Actually it's not a SPA at the moment. It's the most cursed way of Vue's usage I've ever seen.

And as users usually won't set up this server behind a WAF, it's still important for static resources to be authorized in case of DDoS.

I know there're lots of ways to get it done like using a service worker, but in this application it's totally not worthy of using these techniques to solve basic needs.

[Nonary]

Actually it's not a SPA at the moment. It's the most cursed way of Vue's usage I've ever seen.

And as users usually won't set up this server behind a WAF, it's still important for static resources to be authorized in case of DDoS.

I know there're lots of ways to get it done like using a service worker, but in this application it's totally not worthy of using these techniques to solve basic needs.

When it comes to security, I'm not too concerned about denial of service (DoS) attacks or vulnerabilities that require an exploit to trigger. Even adding authentication to static resources doesn’t magically fix a DDoS issue. A malicious actor can still flood the server with authentication requests, and despite safeguards, enough failed requests can overwhelm the system. Just rejecting traffic can lead to a DoS situation.

This has been my view all along: if the concern is a specific security issue, it takes more than just making static files require authentication.
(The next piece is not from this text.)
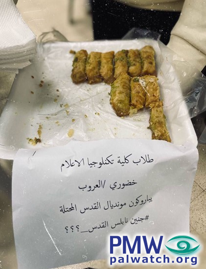 Text on paper: “Students of [Palestine] Technical University – Kadoorie / Al-Aroub [branch] send congratulations over the occupied Jerusalem World Cup (i.e., a reference to recent terror attacks taking place in Jerusalem during the World Cup). Jenin – Nablus – Jerusalem - ??? (“???” apparently insinuates the next attack could be anywhere -Ed.)”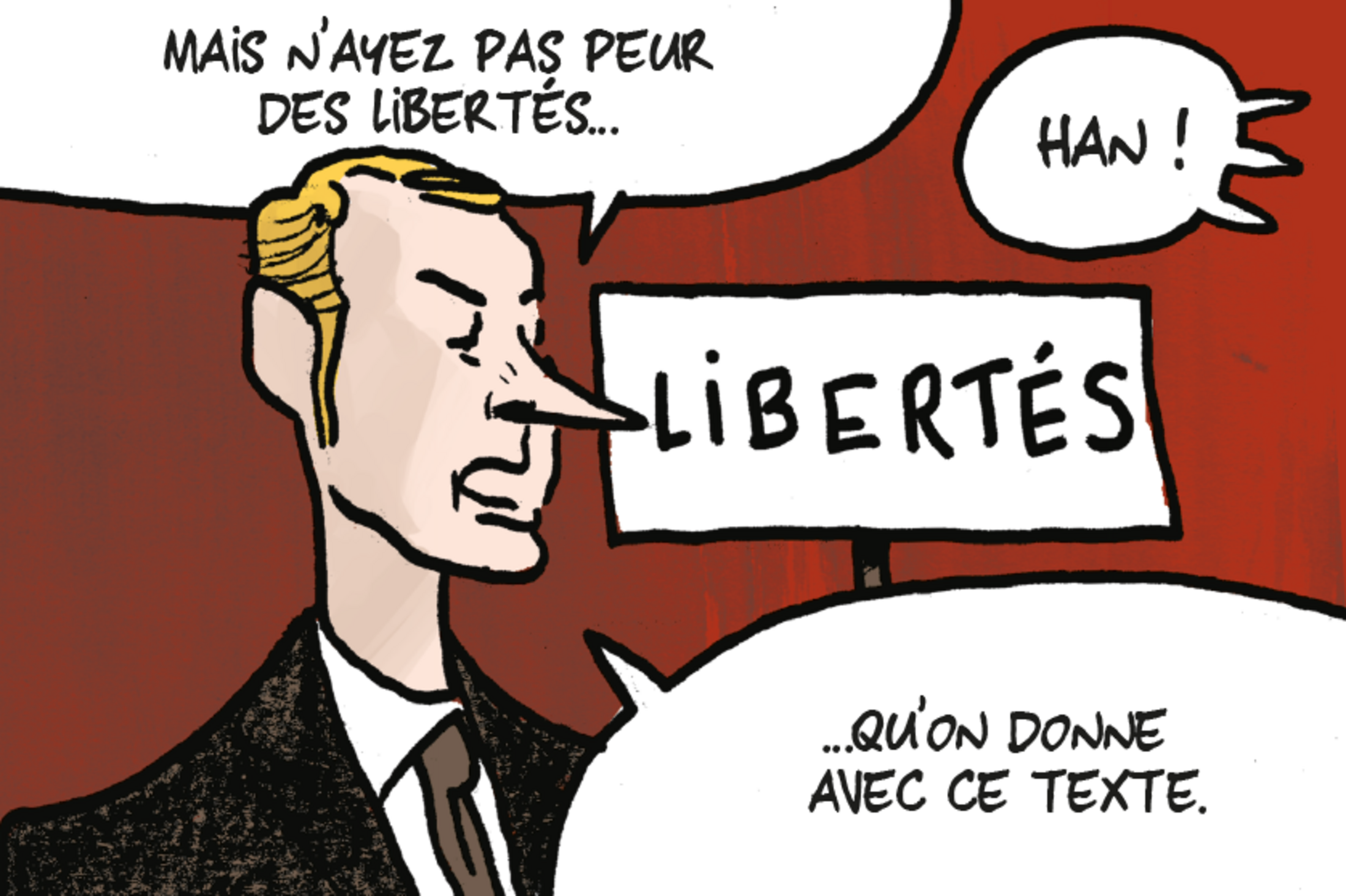 Pour mesurer la différence entre ces deux tactiques, on ne saurait que trop vous conseiller de regarder le processus législatif qui s’achève à la lumière de la bande dessinée des journalistes du Monde Hélène Bekmezian et Patrick Roger et du dessinateur Aurel.

It's a lot of work, and frankly, we won’t see it implemented until AI tools automate much of the process because the effort involved doesn’t match the value it brings compared to other features.

Also, the only real benefit would be against third-party resellers who take our code, sell cloud services, and contribute nothing back to Sunshine. While this is legal due to licensing, it’s hard to justify investing significant time and effort to solve a problem that mainly helps cloud providers. It’s not very motivating.

[ClassicOldSong]

I believe this PR is more about user ergonomics rather than security improvements for vendors.

[Nonary]

I believe this PR is more about user ergonomics rather than security.

Yes, that's part of my concern. We're replacing a functioning authentication system with JWT because it's perceived as more secure. However, since JWT is a more complex form of authentication, I believe it introduces more risk of security vulnerabilities compared to keeping the current basic authentication. Adding a new authentication system isn't straightforward; it requires a lot of safeguards.

The original goal of this PR was to allow people to use password managers to log into Sunshine. What I'm saying is that we can achieve this with minimal changes. There's no need to switch to JWT, and contrary to popular belief, basic authentication doesn't store passwords in plain text. It is secure and valid, though it lacks additional safeguards if a password is stolen or if someone gains admin access to the machine. But in that case, the system is already compromised, so it doesn't really matter.

My proposal is to not implement JWT in this PR. That should be a separate PR, where we thoroughly review it and ensure all best practices are followed to avoid potential exploits. For now, this PR should focus on simply adding a functional login page without changing the authentication mechanism. This approach carries far less risk of security issues and avoids breaking changes.

[ReenigneArcher]

Please move this noise to discord or somewhere else. This space is for code reviews.

[Nonary]

Please move this noise to discord or somewhere else. This space is for code reviews.

Thats also something I am going to have to disagree here. Everything discussed in this PR is relevant to the situation, discussing it on discord instead is a bad idea since you can't easily pull the information. You'll come back to this PR and see no discussions about the valid concerns above and maybe you would have accepted it.

Also, this PR is a draft, which by definition, means it is not ready for a code review. If you want it to be at the code review status, then we should discuss with the owner of this PR to submit it for review status.